I'm stuck at O'Hare in a perpetual three-hour layover. Every time we seem to move a little closer to departure, they move the departure time a little further away. And that is on top of the hour delay on our first segment. It's Sisyphean.

To be clear, had I been late for my flight I'd be out the price of the ticket (or at the very least, a $150 change fee). But American Airlines is actually under no legal obligation to get us where we're going in any time frame remotely close to what we purchased. If they don't get us out tonight, they'll get us out tomorrow. Maybe. If they find some room on another flight. Or whenever.

Air travel doesn't have to be this way. Nor was it always.

Yeah, I know: Flying is so much cheaper now than it was in the days of regulation. So I should quit my whining. But while this conventional wisdom is true, it does not necessarily mean that commercial air travel is cheaper today than it would have been had the regulatory regime continued. Indeed, according to a 2007 study, inflation-adjusted airline fares have actually fallen less steeply since deregulation than they had during the 30 years prior.

This paper makes clear that the grant of pricing freedom to the airline industry has generally resulted in average prices being higher than they would have been had regulation continued under the DPFI rate-setting policies.

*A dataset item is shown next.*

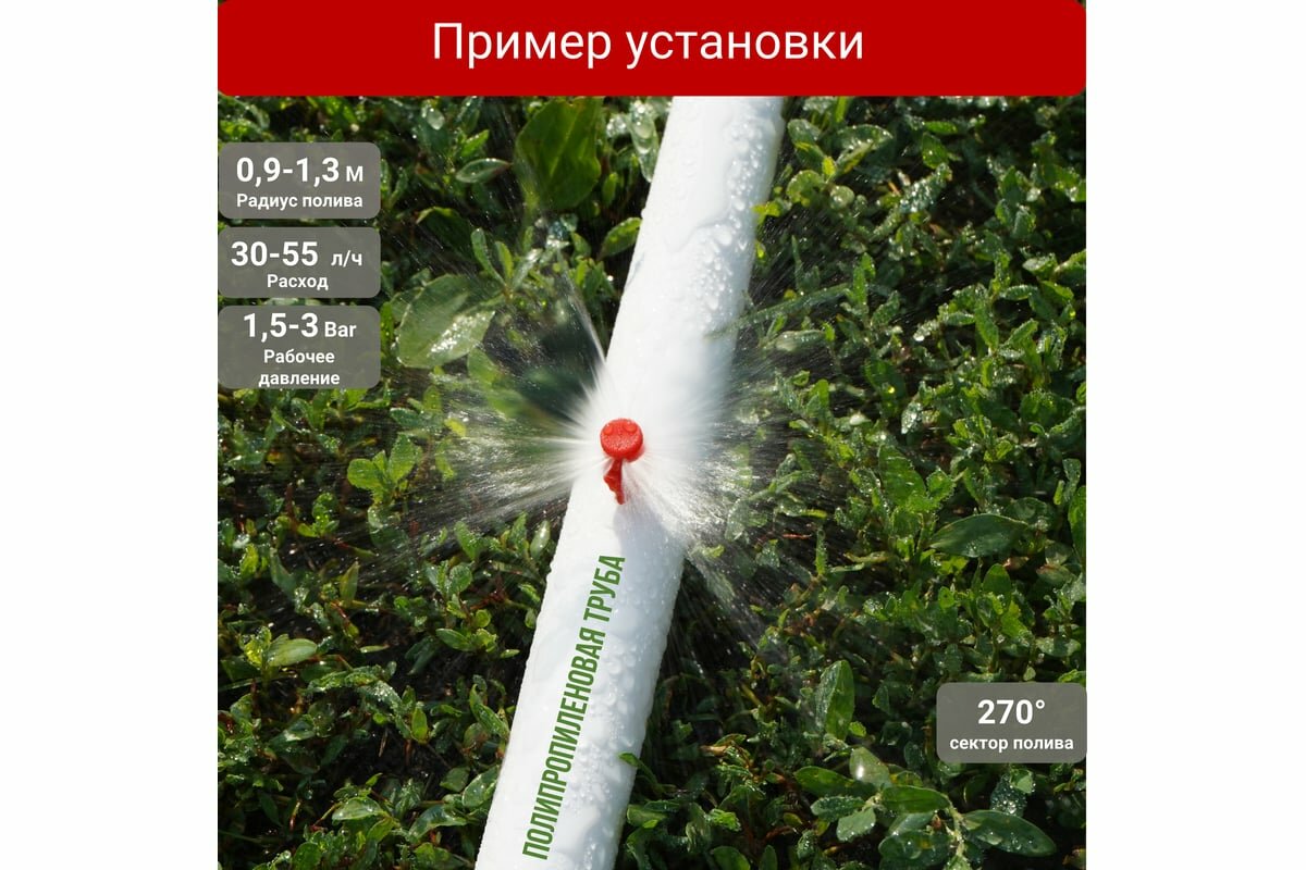 СохранитьМикроджет рефракционный, сектор полива 270 градусов, красный, радиус 0,9-1,3м, расход 30-50л/ч при давлении 1,5-3 bar (100 шт) интересное:

Airline fares were never static. The maximum fare was determined by a complex regulatory formula that took into account a variety of factors and capped profits at a reasonable return on investment. Given the productivity gains the industry has seen, most travelers would have seen fares fall faster under the old regulations than in the good old free market. And by far the largest impact on productivity is the size of the plane, an evolution that would have likely occurred with or without deregulation.

Also, the regulatory regime was not set in stone. The fare-setting formula and other rules could have, and likely would have been adjusted to deal with changing industry realities. While we can't know that fares would have continued to fall as they had during the 30 years prior to deregulation, we've got no reason to suppose that they wouldn't have.

And under the old regulatory regime, I'd probably be well on my way home by now, as AA would have just rebooked me on the next flight to Seattle—whatever the airline—not the next AA flight... of which there isn't any tonight.

And that would make "unavoidable" delays like this a bit more avoidable.